• AVAILABLE DATA:
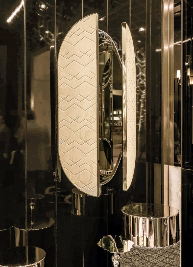 Натуральное скошенное зеркало толщиной 4 мм и каркас из шлифованного металла доступны в различных отделках: от элегантного Black Rose до матового золота оттенка Шампанского. Выберите декор «Diamond» или «Sequence» для уникального стиля.
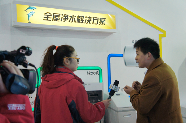 榮事達展廳內(nèi)客戶或駐足觀看、或拍照咨詢、或洽談合作,人氣非凡,絡繹不絕,成為全場最熱鬧的展廳之一。其卓越的產(chǎn)品和超高人氣也引來了眾多媒體的關注,華北大區(qū)總監(jiān)胡鋒接受了《凈水論壇》等記者的訪問,以全屋凈水方案為重點,展示了榮事達的尖端技術水平和人性化飲水方案。
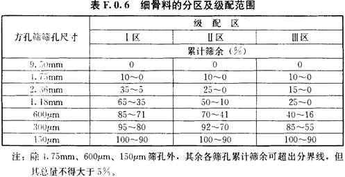 F.0.6 細骨料的分區(qū)及級配范圍應符合表F.0.6的規(guī)定。
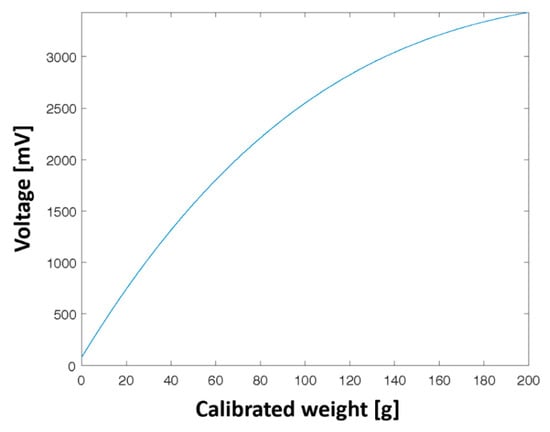 16]. The FSRs were experimentally characterized to obtain the actual response curve, considering the effect of the ADC conditioning circuit. Briefly, 8 sensors were tested by applying a sequence of calibration weights (i.e., 10, 20, 50, 100, and 200 g). After applying each weight, the sensor output was left to stabilize before noting the reading. For each weight, 10 measures were taken to average the outcome. From the experimental readings, we designed the fitting curve using a cubic polynomial regression (

• EXERCISE DIRECTIONS:
The task requires restating verbatim the lines from the one that holds "榮事達展廳內(nèi)客戶或" through the end of the listing, both ends counted, and no pictures.

• YOUR RESPONSE:
 榮事達展廳內(nèi)客戶或駐足觀看、或拍照咨詢、或洽談合作,人氣非凡,絡繹不絕,成為全場最熱鬧的展廳之一。其卓越的產(chǎn)品和超高人氣也引來了眾多媒體的關注,華北大區(qū)總監(jiān)胡鋒接受了《凈水論壇》等記者的訪問,以全屋凈水方案為重點,展示了榮事達的尖端技術水平和人性化飲水方案。
 F.0.6 細骨料的分區(qū)及級配范圍應符合表F.0.6的規(guī)定。
 16]. The FSRs were experimentally characterized to obtain the actual response curve, considering the effect of the ADC conditioning circuit. Briefly, 8 sensors were tested by applying a sequence of calibration weights (i.e., 10, 20, 50, 100, and 200 g). After applying each weight, the sensor output was left to stabilize before noting the reading. For each weight, 10 measures were taken to average the outcome. From the experimental readings, we designed the fitting curve using a cubic polynomial regression (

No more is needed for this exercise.